=== Problem ===
Start to finish, print the data below exactly, without the images.

══ Supplied information ══

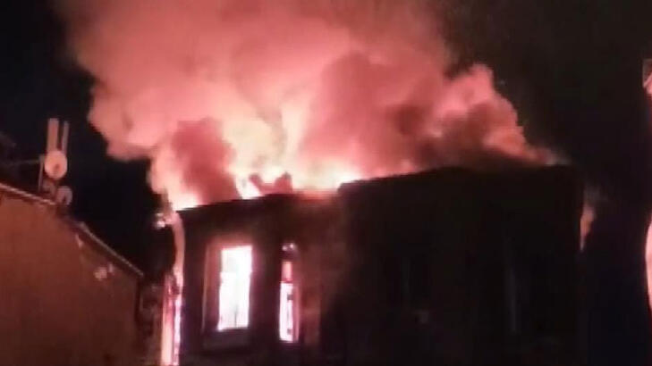 Beyoğlunda 2 katlı metruk bina alev alev yandı
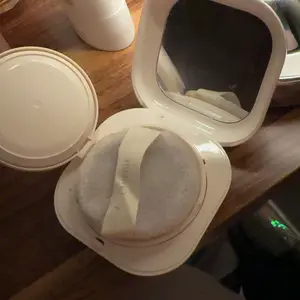 Press the puff lightly and evenly over the silicone mesh to dispense powder. Work the powder into the puff by folding and rubbing the halves together. Gently press the puff onto skin, using a rolling motion to work the powder in.
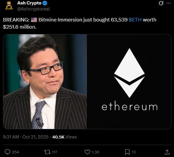 Jak poinformował Ash Crypto, na początku tego tygodnia BitMine zakupiło kolejną transzę ETH. W poniedziałek gigant wydał 251,6 mln dolarów, za które nabył łącznie 63,539 sztuk ETH. Po tej transakcji gigant posiada w swoim portfelu już 3,2 mln tokenów ETH, których wartość na dziś to około 13,4 mld dolarów.
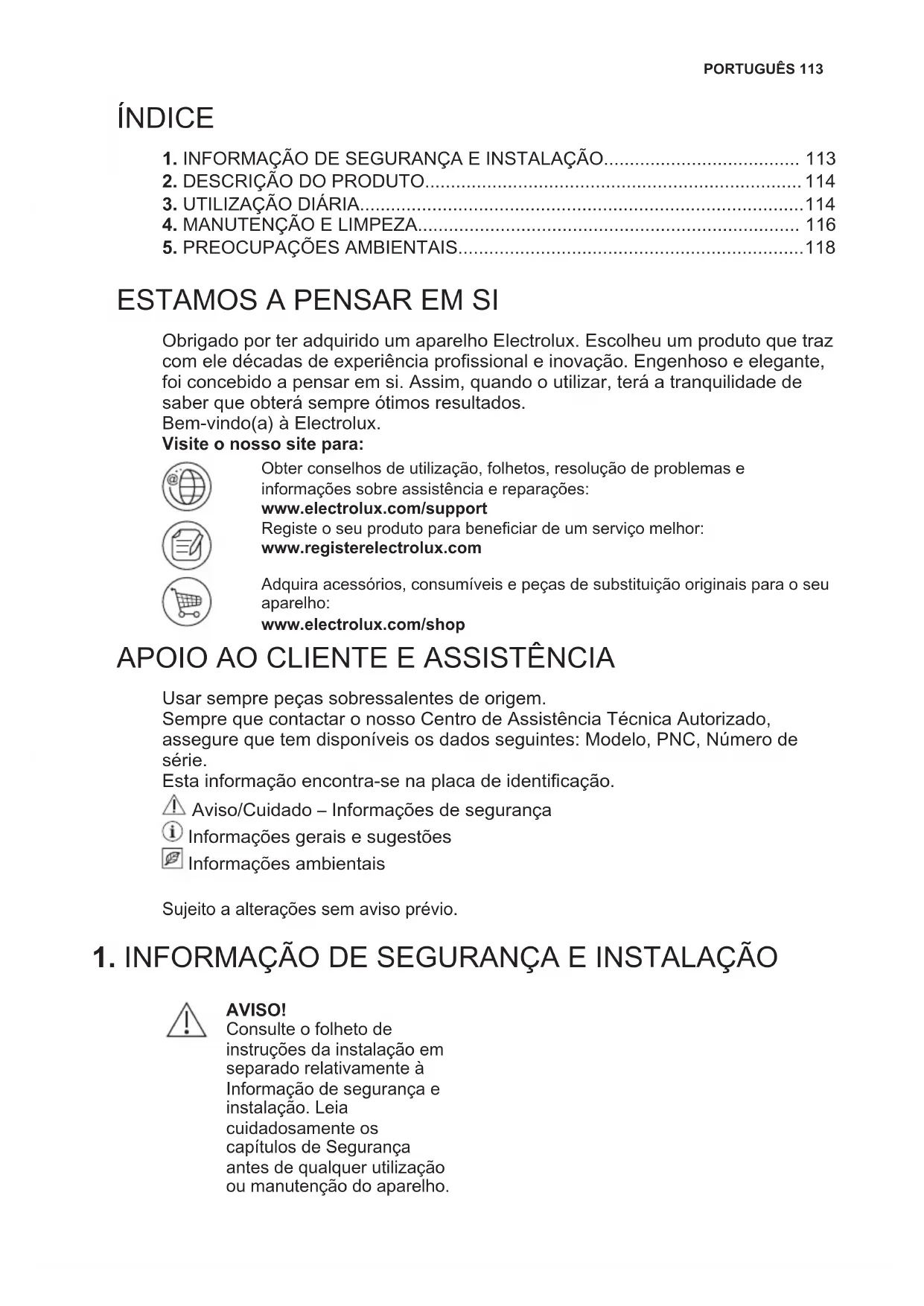 Obrigado por ter adquirido um aparelho Electrolux. Escolheu um produto que traz com ele décadas de experiência profissional e inovação. Engenhoso e elegante, foi concebido a pensar em si. Assim, quando o utilizar, terá a tranquilidade de saber que obterá sempre ótimos resultados. Bem-vindo(a) à Electrolux. Visite o nosso site para: Obter conselhos de utilização, folhetos, resolução de problemas e informações sobre assistência e reparações: www.electrolux.com/support Registe o seu produto para beneficiar de um serviço melhor: www.registerelectrolux.com Adquira acessórios, consumíveis e peças de substituição originais para o seu aparelho: www.electrolux.com/shop

═══

=== Written response ===
 Beyoğlunda 2 katlı metruk bina alev alev yandı
 Press the puff lightly and evenly over the silicone mesh to dispense powder. Work the powder into the puff by folding and rubbing the halves together. Gently press the puff onto skin, using a rolling motion to work the powder in.
 Jak poinformował Ash Crypto, na początku tego tygodnia BitMine zakupiło kolejną transzę ETH. W poniedziałek gigant wydał 251,6 mln dolarów, za które nabył łącznie 63,539 sztuk ETH. Po tej transakcji gigant posiada w swoim portfelu już 3,2 mln tokenów ETH, których wartość na dziś to około 13,4 mld dolarów.
 Obrigado por ter adquirido um aparelho Electrolux. Escolheu um produto que traz com ele décadas de experiência profissional e inovação. Engenhoso e elegante, foi concebido a pensar em si. Assim, quando o utilizar, terá a tranquilidade de saber que obterá sempre ótimos resultados. Bem-vindo(a) à Electrolux. Visite o nosso site para: Obter conselhos de utilização, folhetos, resolução de problemas e informações sobre assistência e reparações: www.electrolux.com/support Registe o seu produto para beneficiar de um serviço melhor: www.registerelectrolux.com Adquira acessórios, consumíveis e peças de substituição originais para o seu aparelho: www.electrolux.com/shop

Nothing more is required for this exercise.